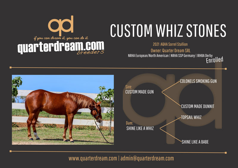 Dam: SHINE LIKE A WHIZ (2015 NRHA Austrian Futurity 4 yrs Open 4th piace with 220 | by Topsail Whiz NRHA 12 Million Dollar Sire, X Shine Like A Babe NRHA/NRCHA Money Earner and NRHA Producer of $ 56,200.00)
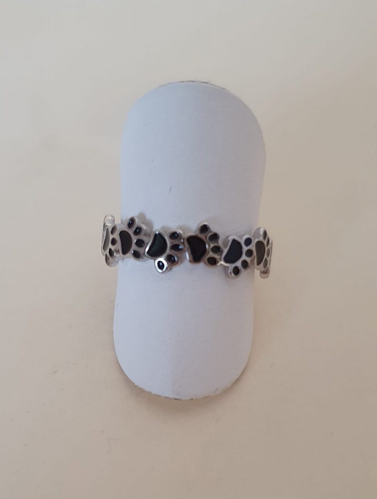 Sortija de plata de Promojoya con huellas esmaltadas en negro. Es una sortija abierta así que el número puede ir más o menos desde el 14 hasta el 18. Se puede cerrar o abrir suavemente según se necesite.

■ ■ ■ ■ ■ ■ ■

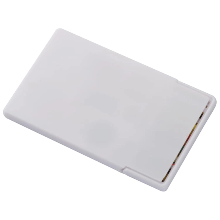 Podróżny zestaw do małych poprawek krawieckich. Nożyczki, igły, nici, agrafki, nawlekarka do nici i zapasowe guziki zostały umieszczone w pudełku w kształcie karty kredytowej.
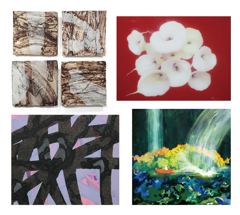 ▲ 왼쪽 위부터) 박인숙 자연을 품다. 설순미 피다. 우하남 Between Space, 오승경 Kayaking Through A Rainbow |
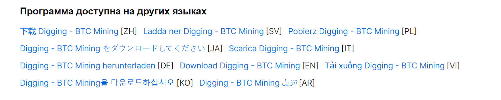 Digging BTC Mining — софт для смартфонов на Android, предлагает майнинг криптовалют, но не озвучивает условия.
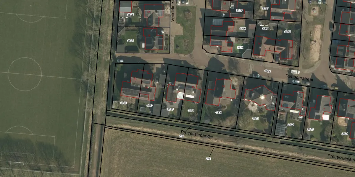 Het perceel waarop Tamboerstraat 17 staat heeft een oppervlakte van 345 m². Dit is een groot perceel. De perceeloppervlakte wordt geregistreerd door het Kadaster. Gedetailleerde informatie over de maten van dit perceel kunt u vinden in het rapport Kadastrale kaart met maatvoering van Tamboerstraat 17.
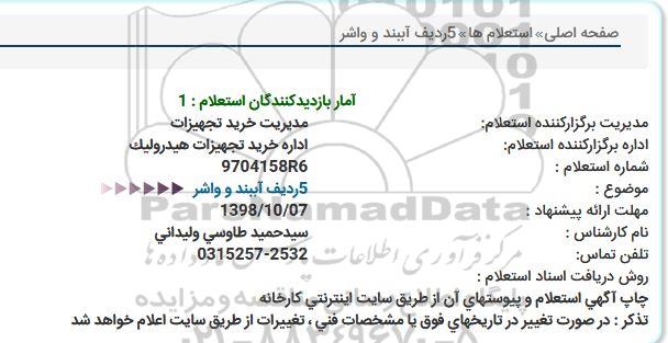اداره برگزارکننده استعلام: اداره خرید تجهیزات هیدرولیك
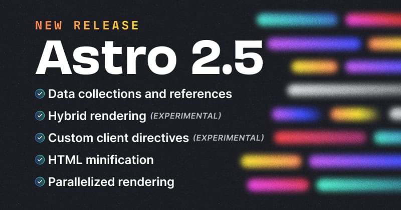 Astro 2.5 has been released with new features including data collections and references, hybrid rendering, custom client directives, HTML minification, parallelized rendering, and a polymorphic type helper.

■ ■ ■ ■ ■ ■ ■

— WORK TO COMPLETE —
Your reply should consist solely of the lines above from the line containing "Dam: SHINE LIKE" up to and including the line containing "Sortija de plata", reproduced exactly, minus the pictures.

— WRITTEN REPLY —
 Dam: SHINE LIKE A WHIZ (2015 NRHA Austrian Futurity 4 yrs Open 4th piace with 220 | by Topsail Whiz NRHA 12 Million Dollar Sire, X Shine Like A Babe NRHA/NRCHA Money Earner and NRHA Producer of $ 56,200.00)
 Sortija de plata de Promojoya con huellas esmaltadas en negro. Es una sortija abierta así que el número puede ir más o menos desde el 14 hasta el 18. Se puede cerrar o abrir suavemente según se necesite.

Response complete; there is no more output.